Create transformative innovation

Decentralised Success

Collaboration is critical, but it’s also tough to deliver. Australian business has a serious problem: productivity has fallen by an average of 0.6 per cent a year for the past seven years, according to Deloitte.

Decentralised Success

This means Australia’s performance is worse than most other developed economies.

That same Deloitte research, found that only about 33 per cent of Australian organisations were genuinely innovative, down 41 per cent on the previous year.

The study’s authors also discovered the main difference between fast-growth companies and the laggards was a collaborative corporate culture.

The message is simple: fast-growing companies make strategic use of a collaboration to stay ahead of competitors.

Change is hard

Although business leaders know they need to become more agile and decentralised in order to become more innovative, many are understandably reticent to embark on a transformation process.

Harvard Business School professor John Kotter observed back in the mid 1990s that nearly 70 per cent of large-scale transformation programs fail to meet their goals; a finding which has been replicated in virtually every study ever since.

The main challenge is that innovation requires empowerment, empowerment requires decentralised decision making, decentralised decision making requires organisational transformations, and organisational transformations are hard to get right.

Despite assertions to the contrary, people aren’t against change – they are against royal edicts. The alternative: change that’s rolled up, not rolled out.”

– McKinsey & Company analysts Gary Hamel and Michele Zanini

McKinsey & Company analysts Gary Hamel and Michele Zanini have picked up on this idea and made transformation the focus of much of their research and commentary.

“The reality is that today’s organisations were simply never designed to change proactively and deeply –they were built for discipline and efficiency, enforced through hierarchy and routinisation,” say Hamel and Zanini. “As a result, there’s a mismatch between the pace of change in the external environment and the fastest possible pace of change at most organisations. If it were otherwise, we wouldn’t see so many incumbents struggling to intercept the future.”

Socially constructed success

To succeed in an era of constant change, the McKinsey research suggests that companies need change platforms, not change programs, and that collaboration rather than command-and-control needs to be the watchword.

Hamel and Zanini say employees simply will not embrace prescribed change. “A change effort must be socially constructed in a process that gives everyone the right to set priorities, diagnose barriers, and generate options,” they argue. “Despite assertions to the contrary, people aren’t against change – they are against royal edicts. The alternative: change that’s rolled up, not rolled out.”

Success Stories

Although many change programs struggle to get off the ground, there are also significant success stories. In 2013, the UK public health body the National Health Service developed and implemented NHS Change Day, described as the biggest improvement effort in the organisation’s history. Using social media tools, the NHS got more than 189,000 people to commit to take action to change health outcomes. The following year the number grew to 800,000.

In a similar vein at US-based medical device company Nuvasive the entire company “hacked” the customer-fulfilment process, via associates from around the globe working with a group of volunteers to develop a common view of the problem along with initiatives to improve outcomes.

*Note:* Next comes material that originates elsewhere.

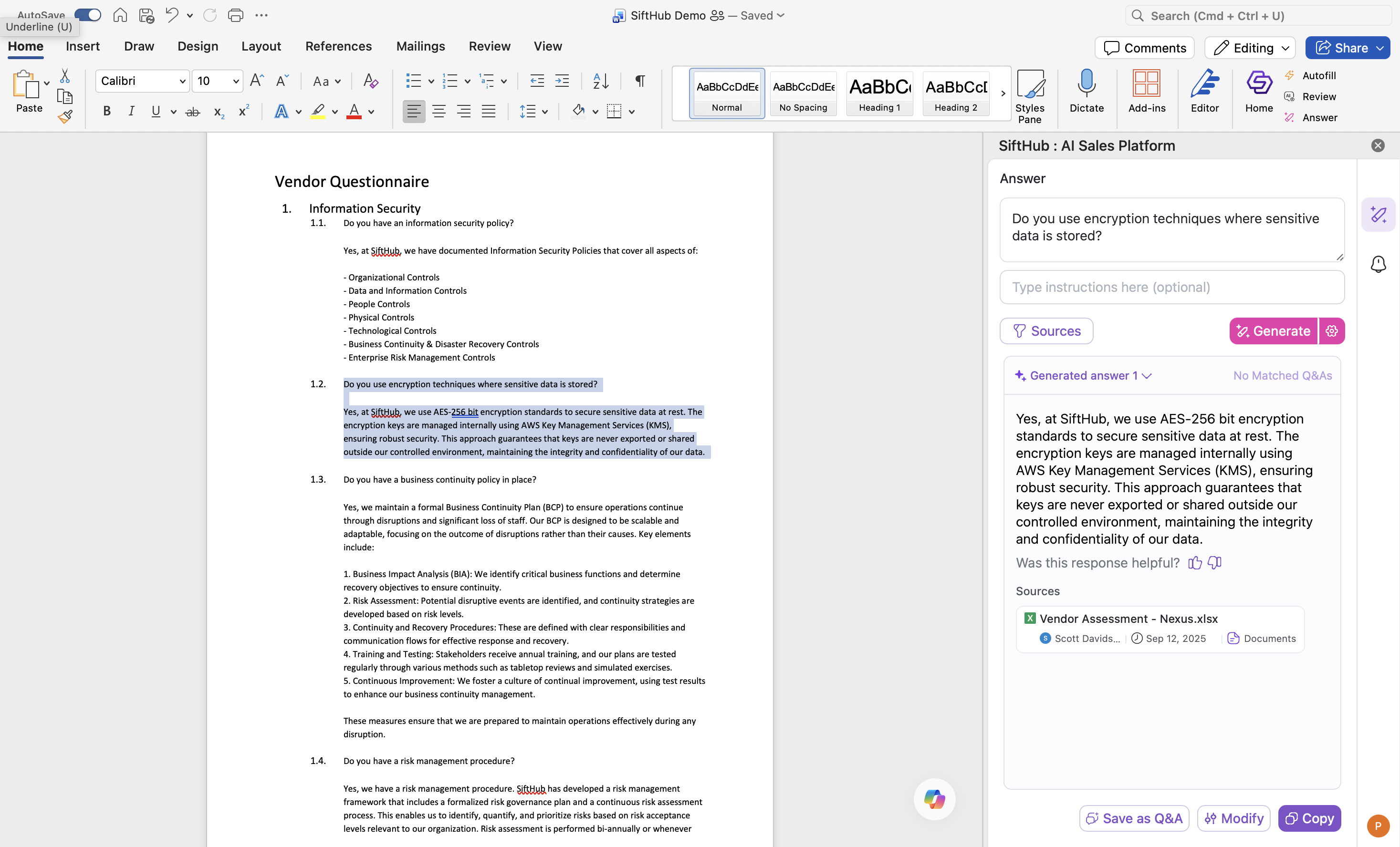 As the answers are being Autofilled in the document, you can start reviewing them in the Copilot -> Answer tab of the MS Add-in. From here, you can verify its sources, view alternate answers and matched Q&As, modify answer, regenerate with instruction prompts and more.

These approaches allow for the diffusion of decision making, but require a highly engaged leadership team – starting with the chief executive, says Malcolm Alder, co-founder of Sydney-based strategy firm Orchestrate and a former partner for digital economy at KPMG.

“Leadership by demonstration is critical,” Alder says. “The big question has to be: Does the CEO commit visibly by using collaborative solutions once they are in place? If not, then people lower in the organisation who think it’s a good idea can legitimately ask: ‘Why aren’t you using it?’”

During his time at KPMG, Alder saw firsthand the power of collaboration and workplace democratisation.

“KPMG has an internal crowdsourcing problem-solving platform,” he says. “The company can post a client challenge internally, often for a relatively short period of, say, 48 hours, and garner hundreds of responses. To be able to draw on that level of intellectual horsepower at low cost has definitely proved to be very effective.”

Social business consultancy Kinship Enterprise has developed specialist knowledge in enterprise social networking. “When internal social networks – collaboration platforms – are deployed, everyone again has a voice, and an equal voice,” says Kinship’s general manager, Victoria, Walter Adamson.

Rather than being prescribed, Adamson says “leadership emerges by actions”.

The case for collaboration

Need to boost productivity? Collaboration is crucial:

  • Companies growing faster than their competition say collaboration is a critical component of their corporate strategy
  • Harness your workforce’s intellectual horsepower by creating a social-media type system on which you can post challenges for staff to solve
  • Companies need change platforms not change programs – collaboration rather than command and control is the key
  • The diffusion of decision making and workplace democratisation demands highly engaged leadership – starting with the chief executive.